Die Vielfalt der menschlichen Gesellschaften
Schon in früheren Werken wie „Der dritte Schimpanse“ und „Arm und reich“ griff Jared Diamond immer wieder auf Erfahrungen mit Gesellschaften zurück, die heute noch so leben wie es bis vor wenigen Jahrtausenden ...
Schon in früheren Werken wie „Der dritte Schimpanse“ und „Arm und reich“ griff Jared Diamond immer wieder auf Erfahrungen mit Gesellschaften zurück, die heute noch so leben wie es bis vor wenigen Jahrtausenden für die gesamte Menschheit charakteristisch war, um so beispielsweise Hinweise auf die evolutionäre Entwicklung des Menschen zu erhalten.
Hier stehen derartige Kulturen nun im Mittelpunkt.
Im Wesentlichen stellt Diamond das Leben der traditionellen Völker dem in den von ihm als WIRED (western, educated, industrialized, rich, democratic) bezeichneten modernen Industriegesellschaften (wobei er vor allem an die USA und Europa denkt) gegenüber.
Er erklärt etwa, wie diese sich Fremden gegenüber verhalten, ihre Konflikte lösen, mit Kindern und alten Menschen umgehen und auf Gefahren reagieren. Im letzten Teil versucht er Antworten auf Fragen zu geben, die viele Menschen heute umtreiben: Warum gibt es Religionen und welche Funktionen haben sie im Lauf der Geschichte erfüllt? Wie kam es zu der großen Sprachenvielfalt auf der Erde und ist es sinnvoll, sterbende Sprachen zu retten? Und weshalb sind Krankheiten wie Krebs oder Diabetes bei Naturvölkern beinahe unbekannt?
Bei der Lektüre dieses Buches ist vor allem eindrucksvoll, wie vielfältig die Lebens- und Gesellschaftsformen sind, derer sich die Menschheit bedient. Es reicht nicht, nur von traditionell versus modern zu sprechen, selbst benachbarte Stammesgesellschaften lösen dasselbe Problem (beispielweise die richtige Erziehung der Kinder) bisweilen auf völlig unterschiedliche Weise.
Anders als es der Untertitel vermuten ließe ist es nicht die Absicht des Autors, die Lebensweise traditioneller Gesellschaften zu verherrlichen. Er verschweigt nicht, dass dort auch negative Phänomene vorkommen (beispielsweise Kindesmord oder Witwentötung) und erklärt, dass die romantische Vorstellung vom friedlichen Zusammenleben der edlen Wilden oftmals weit von der Realität entfernt ist und dass ein organisiertes Staatswesen durchaus seine Vorteile hat (wenn beispielsweise durch ein geordnetes Justizsystem Rachemorde vermieden werden).

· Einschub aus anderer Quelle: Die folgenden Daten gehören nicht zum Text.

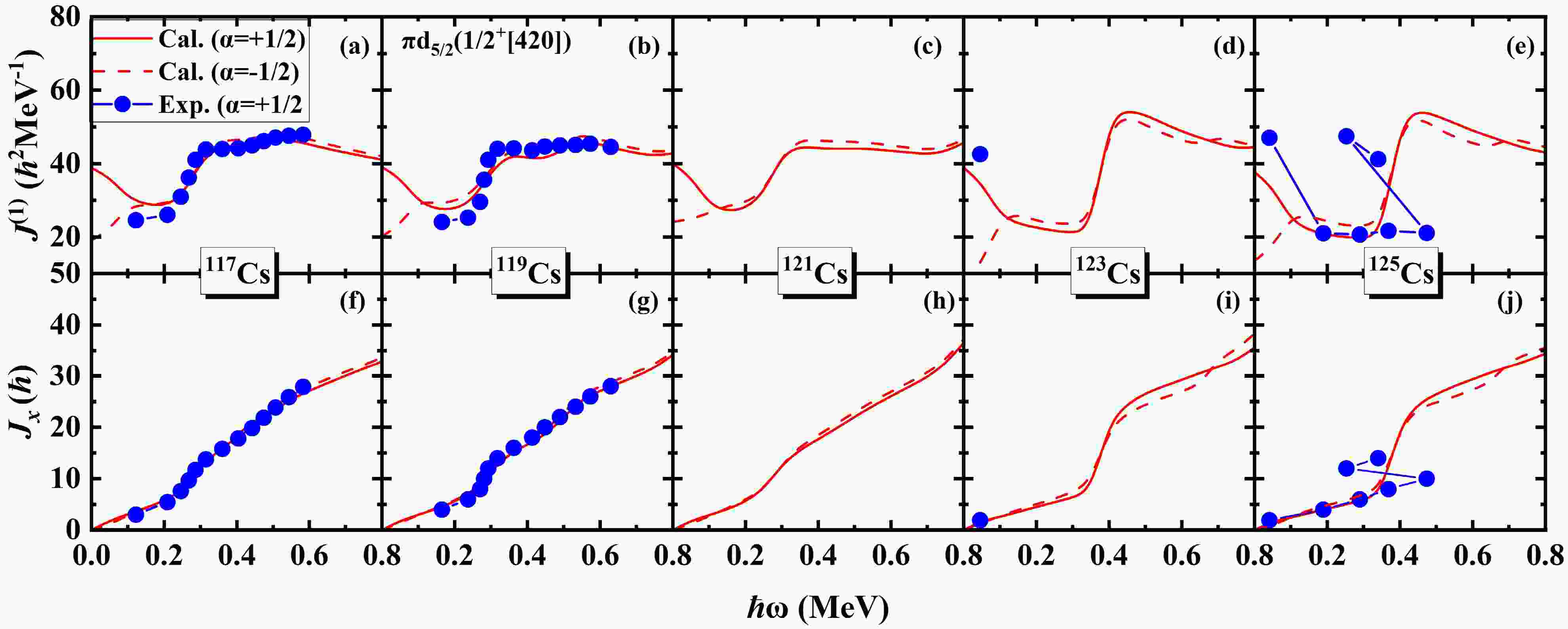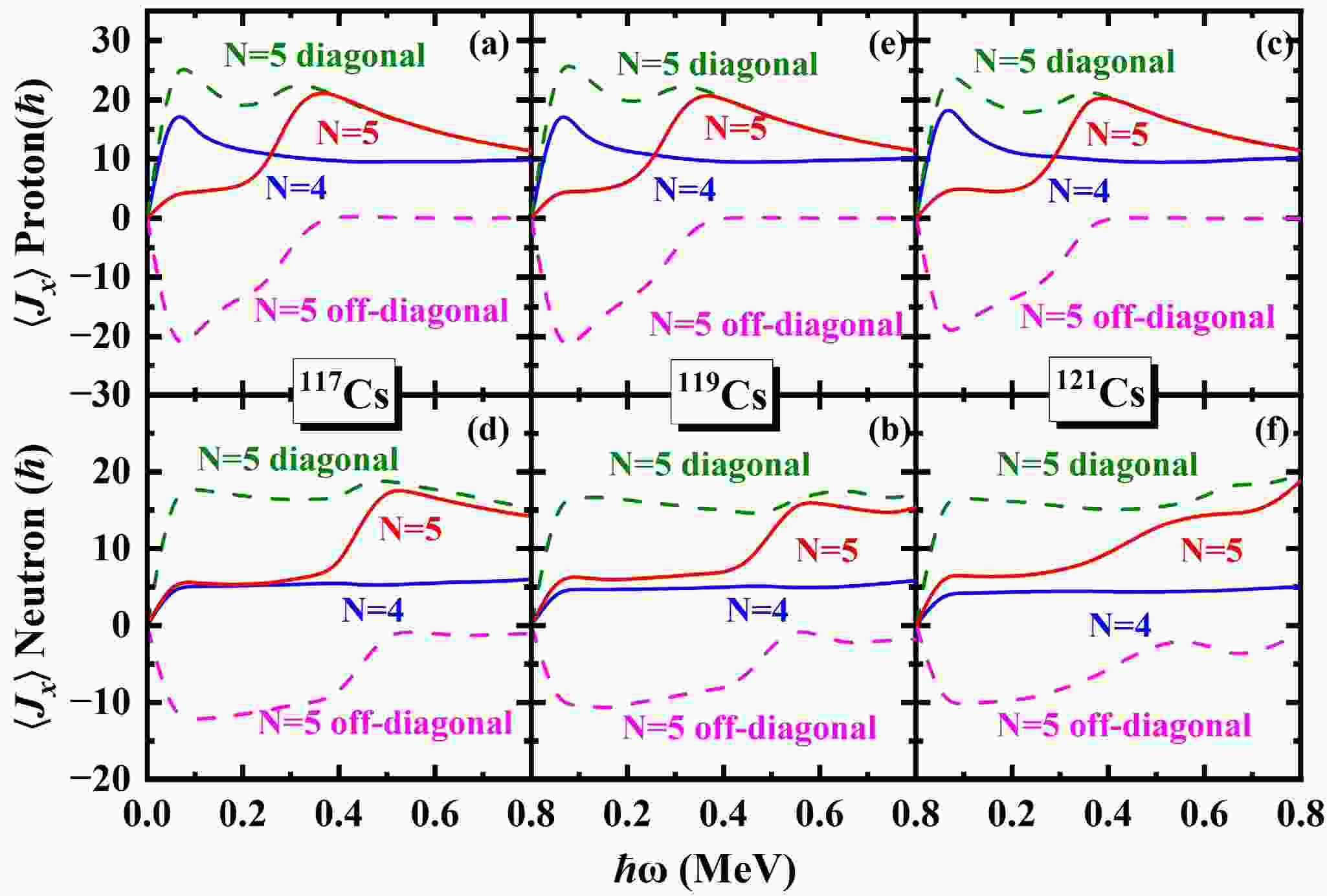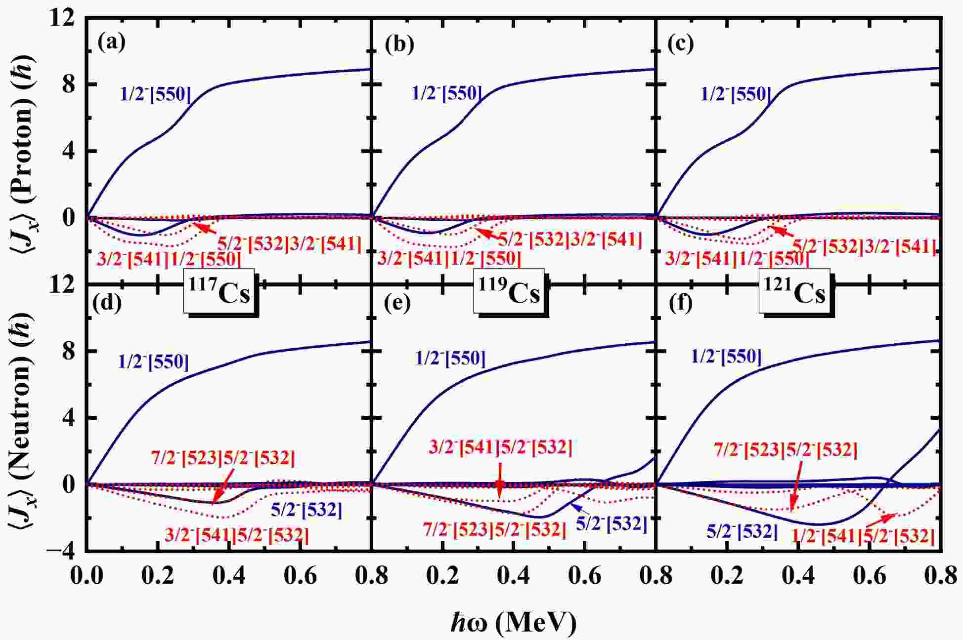 $ \alpha=+1/2 $ (top) and neutron orbital (bottom) in the$ N=5 $ major shell to the angular momentum alignments$ \langle J_x \rangle $ for the$ \pi d_{5/2} (1/2^+[420]) $ band in odd-even 117,119,121Cs. The diagonal (off-diagonal) part$ j_{x}(\mu) [(j_x(\mu\nu)] $ is denoted by blue solid (red dotted) lines.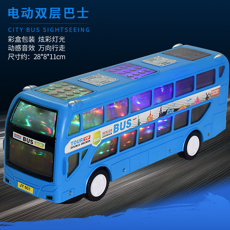 blue double deck bus

Andererseits zeigt sich aber auch, dass unsere moderne Lebensweise in vielen Punkten nicht mit unserem evolutionären Erbe übereinstimmt (zum Beispiel unsere Ernährung oder die Art wie wir mit kleinen Kindern umgehen) und dass es Dinge gibt, bei denen wir uns (manche) Naturvölker zum Vorbild nehmen sollten (etwa Methoden zur Konfliktlösung).
In dem Buch werden Völker aus aller Welt beschrieben, besonders häufig kommen aber diverse Bewohner Neuguineas vor. Dort hat Jared Diamond selbst viel Zeit verbracht und kann daher immer wieder eigene Erlebnisse einfließen lassen. Das trägt zur Anschaulichkeit bei und macht manche Ausführungen lebendiger.
Viele Stellen sind allerdings eher trocken und wenn etwa in einem einzigen Absatz die Namen von einem halben Dutzend verschiedener Völker vorkommen, ist das eher verwirrend.
Was mir außerdem ein bisschen fehlte, war eine Art Gesamtbetrachtung der jeweiligen Gesellschaften. In jedem Kapitel wird ein bestimmter Aspekt behandelt, wenn man aber wissen möchte, wie ein Volk insgesamt lebt, müsste man sich alle diese verstreuten Informationen zusammenklauben.
Insgesamt ist dies dennoch ein sehr lesenswertes Buch. Es zeigt, dass vieles, was für uns Bewohner der ersten Welt völlig selbstverständlich und normal ist, auf große Teile der übrigen Weltbevölkerung ausgesprochen ungewöhnlich wirken muss. Außerdem legt der Autor dar, welche Änderungen an unserem Lebensstil jeder einzelne Bürger oder auch die Gesellschaft als ganzes vornehmen könnte, um gesünder und glücklicher zu werden und mehr im Einklang mit unseren natürlichen Bedürfnissen zu leben.